* _Supplied data_
================

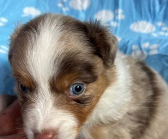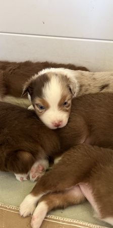New litter at 4 weeks. Red tri and red Merle’s only. More photos to come
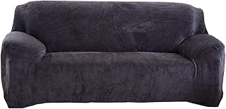 Monba Housses de canapé souples 1/2/3/4 places Protection pour canapé Easy Fit Velvet Housse de canapé en tissu extensible épaisse,Gris foncé, 3 Seater:195-230cm
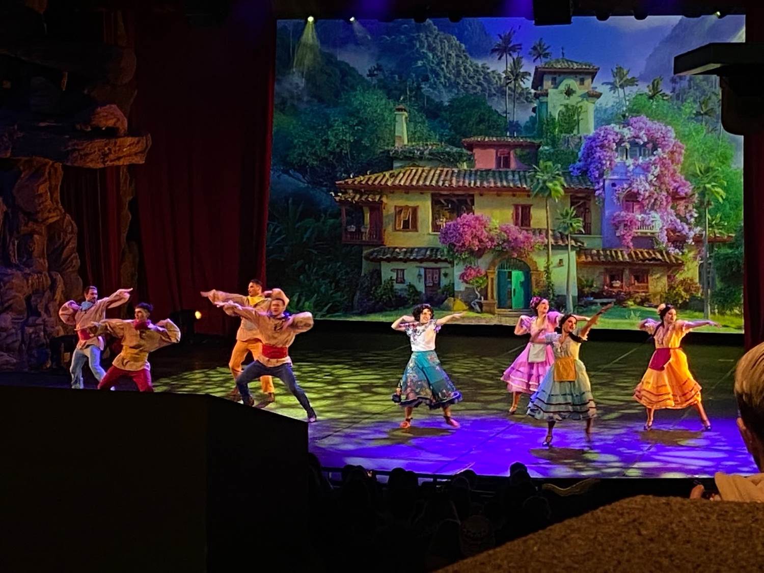 Videopolis Theatre hosted five performances of “Disney Classics Celebrations" throughout the night – a 25 minute long stage spectacular starring characters from various iconic Disney films. Segments and characters included: Aladdin, Jasmine, Jafar and Genie (Aladdin), Belle and the Beast (Beauty and the Beast), Mulan, Mushu and Li Shang (Mulan), Hyenas (The Lion King), Megara (Hercules), Mirabel (Encanto), and Asha (Wish) performing hits from their respective films.
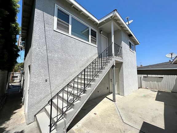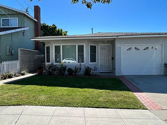 Two on a lot. Rear Unit. Spacious and Bright Upstairs 2 Bedroom 1 Bath Rear Unit in Walteria area. Updated with new laminated flooring, LED recess lighting and ceiling fans, Lots of cabinets, and closet space. The kitchen has tile countertops with a stove, dishwasher, and refrigerator. Laundry hook-ups and a washer and dryer machine are located in the garage. 1 car garage with automatic openers plus one additional parking space.

================

* _What is needed_
Please repeat all of the data exactly, excluding images.

* _Response area_
New litter at 4 weeks. Red tri and red Merle’s only. More photos to come
 Monba Housses de canapé souples 1/2/3/4 places Protection pour canapé Easy Fit Velvet Housse de canapé en tissu extensible épaisse,Gris foncé, 3 Seater:195-230cm
 Videopolis Theatre hosted five performances of “Disney Classics Celebrations" throughout the night – a 25 minute long stage spectacular starring characters from various iconic Disney films. Segments and characters included: Aladdin, Jasmine, Jafar and Genie (Aladdin), Belle and the Beast (Beauty and the Beast), Mulan, Mushu and Li Shang (Mulan), Hyenas (The Lion King), Megara (Hercules), Mirabel (Encanto), and Asha (Wish) performing hits from their respective films.
 Two on a lot. Rear Unit. Spacious and Bright Upstairs 2 Bedroom 1 Bath Rear Unit in Walteria area. Updated with new laminated flooring, LED recess lighting and ceiling fans, Lots of cabinets, and closet space. The kitchen has tile countertops with a stove, dishwasher, and refrigerator. Laundry hook-ups and a washer and dryer machine are located in the garage. 1 car garage with automatic openers plus one additional parking space.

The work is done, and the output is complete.